Saturday, June 28, 2008

16 x 24 Oil on Linen

16 x 24 Oil on Linen

I've always been enchanted by matching portraits. The Wallace Collection has a fine pair by Rembrandt as does the Metropolitan Museum. The Met also has a marvelous portrait of Herman Doomer but the portrait of his wife is far away in the Hermitage Museum. My favorite pair is that of Stephanus Geraerdts and Isabella Coymans by Frans Hals. Each portrait is a masterpiece, together they are stunning. He looks out of the picture and gestures to his left, she looks back at him delighted by the flower he has just given her. He has a knowing smile and a twinkle in his eye, she gazes at him with admiration, each confident of the other's love. Sadly they too are in separate collections. I like to think of my still life objects as my sitters so it was only natural that I do a pair of matching portraits. Bread and Wine are a much beloved couple. They have been painted many times by many artists but, so far as I know, this is the first time they have ever been portrayed separately as a pair. My companion pieces remind me, however, of the lovers in the final scene of the first act of Lucia di Lammermoor. Edgardo and Lucia meet secretly and in a beautiful duet swear their love and exchange rings, but circumstances make their union all but impossible, for she is an Ashton and he a Ravenswood and the two families are feuding. Bread and Wine make a lovely couple but circumstances have made their union all but impossible too. After going out to a gallery together one was purchased without the other. Perhaps one day some industrious curator will reunite the tragic duo. Until then I hope one of them does not go mad.....

Saturday, June 21, 2008

I enjoy creating works in pairs.

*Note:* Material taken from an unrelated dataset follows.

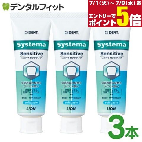 知覚過敏 歯磨き粉 歯磨き剤 DENT システマ センシティブ ソフトペースト 3本セット フッ素1450ppm (1本/85g) ライオン systema set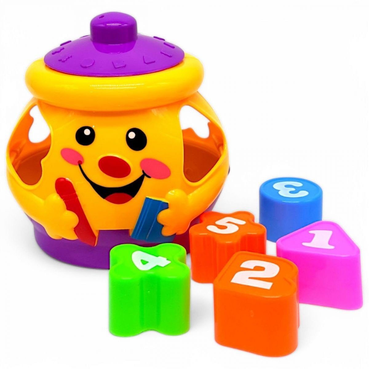 Сортер у вигляді горщика — це яскрава іграшка для малюків, що розвиває. У комплекті 5 кольорових фігурок з цифрами, кожна з яких відповідає отвору на іграшці Іграшка допомагає дітям вивчати форми, кольори, цифри, розвиває моторику та логічне мислення.

These drawings were done when I was still a student and experimenting with craftsmanship. I made my own gesso with rabbit skin glue and whiting and applied it to some scraps of paper from a lithographer. When it was dry I sprinkled some ultramarine blue dry pigment on top and then brushed on rabbit skin glue to hold the pigment and spread it evenly over the paper. It makes a marvelous drawing surface. Terra rosa pigment makes a lovely pink paper, terre verte a nice green, yellow ochre and raw umber also work well. Sometimes I mix the pigment directly into the gesso and leave off the top layer of glue. The colored gesso alone makes a soft drawing surface, the glued surface is harder but the color is richer. I started my drawing with a red conte crayon, which, I learned, would have worked better on the unglued gesso. The problem was easily corrected by switching to a pencil and using a cross hatching technique. Then I went back with a white hard pastel to pick up the lights. This was done around midnight after working a morning job, going to school in the afternoon and working an evening job. The next night I decided to create a mate for my drawing so I repeated the same process, I knew the red conte wouldn't work well but I wanted them to go together. I matted and framed them with whatever I had lying about and hung them in my kitchen. When I met Elizabeth she loved them too and they still hang in our kitchen...where they have been for almost 30 years.....

Saturday, June 14, 2008


The Laughing Rabbit
Oil on Linen
Image 20 x 16 - Framed 26 x 22

When I teach still life classes I encourage the students to bring in things that they want to paint. One night someone showed up with a Russian figurine of a laughing rabbit (I thought it looked more like a pig) and some lettuce and carrots from her garden. “Okay” I thought “let’s not be judgmental. This is what she wants to paint.” Only one other person showed up that night. He loved the fauves so we set up a still life for him with very brightly colored objects and a contrasting brightly colored background. Neither of them really wanted a critique, they just wanted to do what they do and have me give them a pat on the back from time to time. So there I was with 3 hours to kill (back patting doesn’t take very long). Luckily I had my paint box and a good canvas. I thought I might paint alongside them as a demonstration, though I knew they could care less. It was a tough choice but I went for the pig-rabbit. I painted freely and rather effortlessly knowing that I would wipe it out at the end of the class. It looked ridiculous as a figurine so I tried to breathe some life into it. To my great surprise I painted so well that I didn’t want to wipe it out. I showed it to Elizabeth when I got home and she just laughed and laughed…..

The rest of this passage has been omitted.